Wellcome Trust Centre For Mitochondrial Research

Leigh disease (syndrome ) is named after the pathologist (Denis Leigh) who first described the disease. The condition can be due to a variety of genetic mutations in either nuclear or mitochondrial DNA and so Leigh’s disease can be inherited in many different ways. All of the mutations disrupt the primary aim of the mitochondrion, which is to convert energy into a form that the cell can use. Characteristic patterns of brain involvement on MRI scan along with typical clinical findings usually suggest the diagnosis and lumbar puncture may be helpful in confirming a disorder of mitochondrial function (raised cerebrospinal fluid lactate). Muscle (and skin) biopsy may be helpful in further identifying the cause, but sometimes no biochemical defect of the mitochondria can be demonstrated.

Children with Leigh disease are often weak and floppy, but this may not be obvious until they are several months old.
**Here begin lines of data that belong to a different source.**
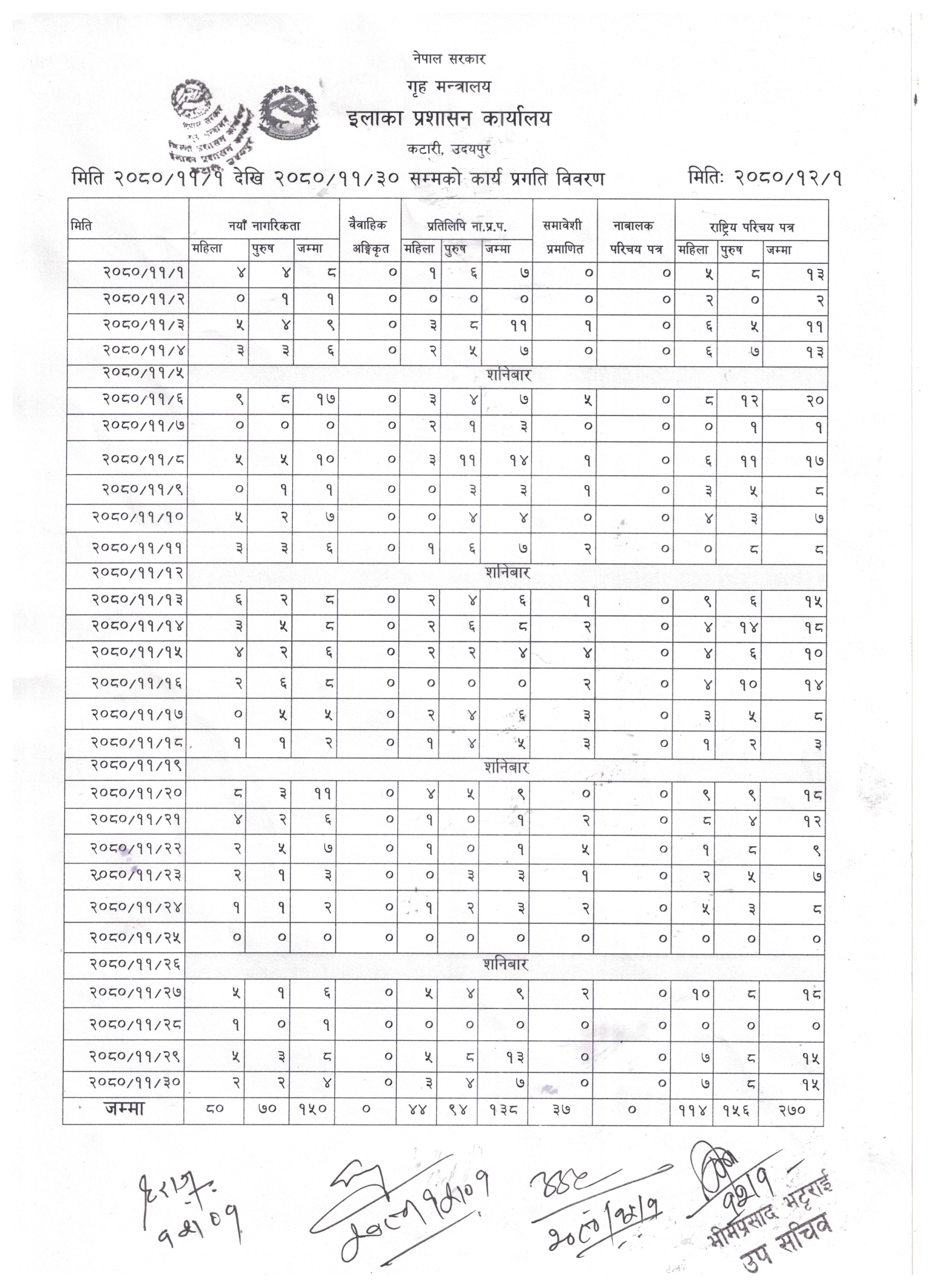 २०८२ साल कार्तिक मसान्तको मासिक कार्य विवरण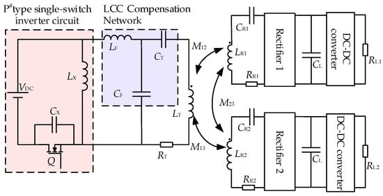 The circuit structure of a single-transmitter dual-receiver WPT system based on the P#-type LCC-S compensation network is shown in Figure 1. In this system, VDC is the input DC voltage of the single-switch resonant inverter, Q is the power MOSFET, LF is the compensation inductor at the transmitter side, CF is the parallel compensation capacitor at the transmitter side, LT is the transmitter coil inductance, CT is the series compensation capacitor at the transmitter side, LF, CF, CT, and LT constitute the LCC compensation circuit at the transmitter side, RT is the internal resistance of the transmitter coil, LX is the resonant inductor, CX is the resonant capacitor, M is the mutual inductance between the coils, LRn (n = 1, 2) is the inductance of the receiver coils, RRn (n = 1, 2) is the internal resistance of the receiver coils, CRn (n = 1, 2) is the compensation capacitor of the receiver coils, CL is the output filter capacitor, and RL is the load resistance. Each rectifier is followed by a cascaded DC-DC converter to stabilize the output voltage and maintain stable output power.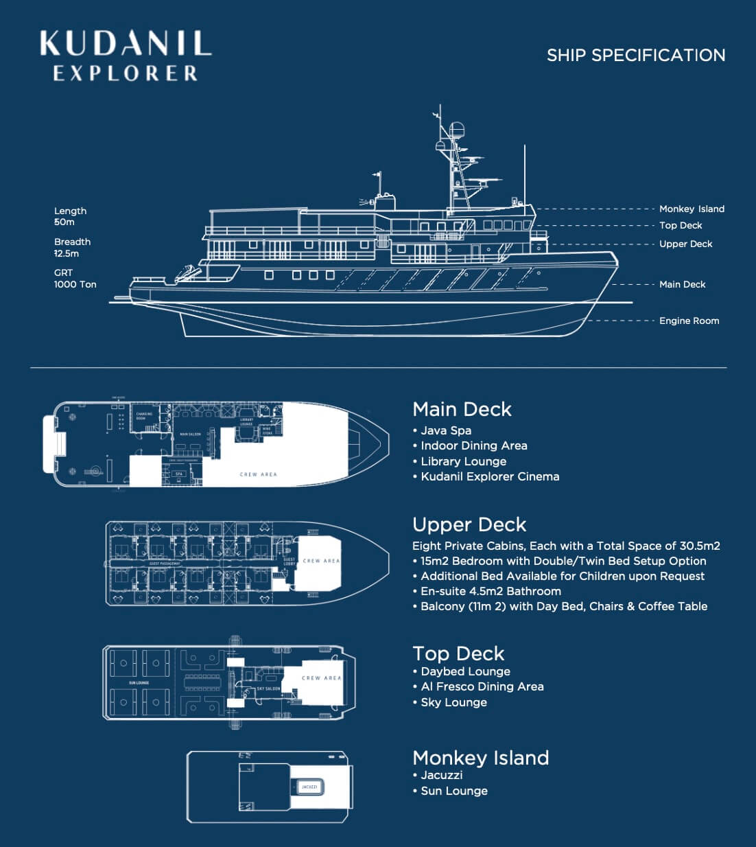 The KUDANIL EXPLORER features eight luxurious suites, all of which have the same size and layout. The first yacht in Indonesia with private balconies in each cabin, these private areas with day beds provide an added degree of relaxed elegance to the aboard experience, while her stability and safety provide peace of mind on even the most daring and unusual of expeditions.
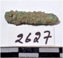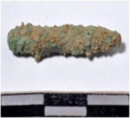 | Description / विवरण | A fragment of a copper nail, broken head, circular in section, pointed one end of rough surface. |

Swallowing, breathing, movement and posture may be particularly affected, as the disorder involves parts of the brain responsible for these functions. Characteristically, development is said to regress, that is acquired skills such as independent sitting are lost. Sometimes this occurs in conjunction with an otherwise minor illness such as a ‘cold’, sore throat or ‘tummy upset’. Following recovery from the illness there may be recovery of some of the skills lost. Children with Leigh disease may deteriorate in this way over many years, or they may follow a more rapidly progressive decline over a period of months.